Identification of differentially expressed genes (DEGs)
Based on the reads from RNA-seq, FPKM values were used to investigate the gene expression patterns of different tissues of C. nobilis. Thus, the comparison of gene expression between golden scallops and brown scallops was performed. DEGs were analyzed using the edgeR software. To identify significantly differential expression genes, FDR < 0.05 & | log2(fold change)| ≥1 was set as the criteria. DEGs of five tissues from golden scallops and brown scallops was list in Table 2. And a total of 9263 DEGs were identified among the five tissues, and the up-regulated and down-regulated genes number were showed in Additional file 1: Table S6, respectively. Then, Venn diagrams showed the number of genes uniquely expressed in each tissue or genes shared between one or more tissues (Fig. 4). GO and KEGG pathway enrichment analysis of DEGs in the same tissue were shown in Fig. 5 and Fig. 6. And the top 20 KEGG pathways in each tissues were listed in Additional file 1: Table S7.

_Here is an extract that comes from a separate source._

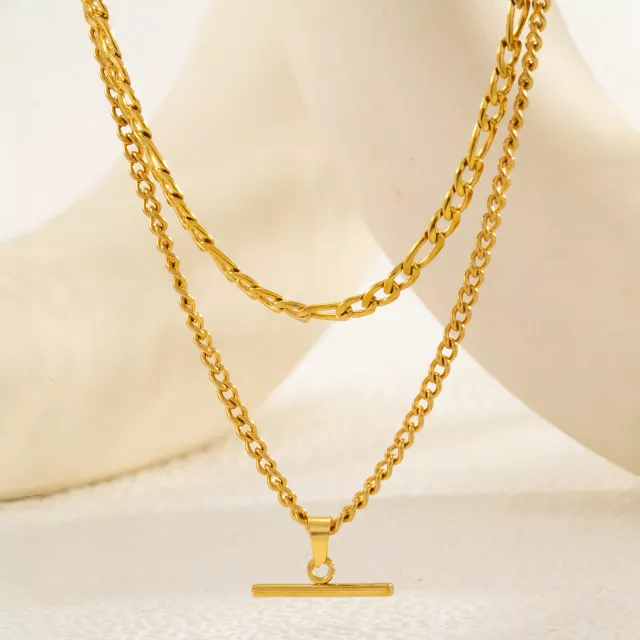 Crafted from durable stainless steel and finished with real gold PVD plating, this necklace offers lasting shine without sacrificing comfort. It is hypoallergenic and gentle on the skin, making it ideal for daily wear. The layered design saves you time while giving the appearance of carefully styled jewelry. A subtle details add a soft, feminine touch while keeping the overall look clean and modern.

Functional annotation of DEGs and candidate genes involved in carotenoids accumulation
Total of 9263 DEGs between golden scallops and brown scallops, 3361 were up-regulated and 4980 genes were down-regulated. Of the 9263 DEGs, 8422 were annotated at least one of the following: Nr (8406), Swissprot (4766), KEGG (3702), KOG (4460) and GO (1697).
Based on the GO enrichment analysis, total of 47 significantly GO terms were observed (corrected P-value < 0.05). The top five GO terms were macromolecular complex, protein complex, oxoacid metabolic process, organic acid metabolic process and lyase activity (Fig. 7). And these include a number of terms related to carotenoids, such as lipid transport and lysosome. Total of 229 KEGG pathways were identified (Additional file 1, Table S8). These include a number of terms related to carotenoids accumulation, such as lysosome, fat digestion and absorption and ABC transporters (Fig. 8).
To explore the genetic mechanisms of the golden scallops, the differentially expressed genes of five tissues were filtered respectively for those believed to be involved in carotenoids accumulation. Several genes, including CD36, ABC transporter G family member 5 (ABCG5), beta, beta-carotene 15,15-dioxygenase (BCMO1), glutathione S-transferase (GSTs), intestine-specific homeobox (ISX), very low density lipoprotein receptor (VLDLR), low-density lipoprotein receptor (LDLR), Craotene oxygenase related to carotenoids accumulation were shown in Fig. 6, CD36, GAST-theta and very low density lipoprotein receptor (VLDLR) genes were significantly higher expressed in the hemolymph of golden scallops than brown scallops; ABCG5 gene was highly expressed in the mantle of golden scallops; BCMO1 gene was highly expressed in the intestine of golden and brown scallops than other tissues; GST-Mu gene was significantly higher expressed in the gonad of golden and brown scallops than other tissues; Craotene oxygenase gene was significantly higher expressed in the intestine of golden and brown scallops than other tissues; low-density lipoprotein receptor (LDLR) has a significant differences in mantle and adductor muscle. Overall, our results of the high expression levels for these genes related to carotenoids accumulation are consistent with higher carotenoids content in golden scallops, suggesting that these genes play important roles in carotenoids accumulation.
Function identified of the carotenoids related DEGs in the scallop early development
To explore the carotenoids related DEGs function in the scallop early development, we selected six genes to analyze their spatial and temporal expression characteristics (Fig. 9). The results indicate that all these genes showed a strongly expression level in fertilized egg, except for the BCMO1; and these genes also showed a higher level in golden scallops than that of brown scallops at S-stage and J-stage, except for BCMO1 and GST-Pi. The expression level of BCMO1 showed a decreasing trend, and brown scallops had higher levels than golden scallops at most stages.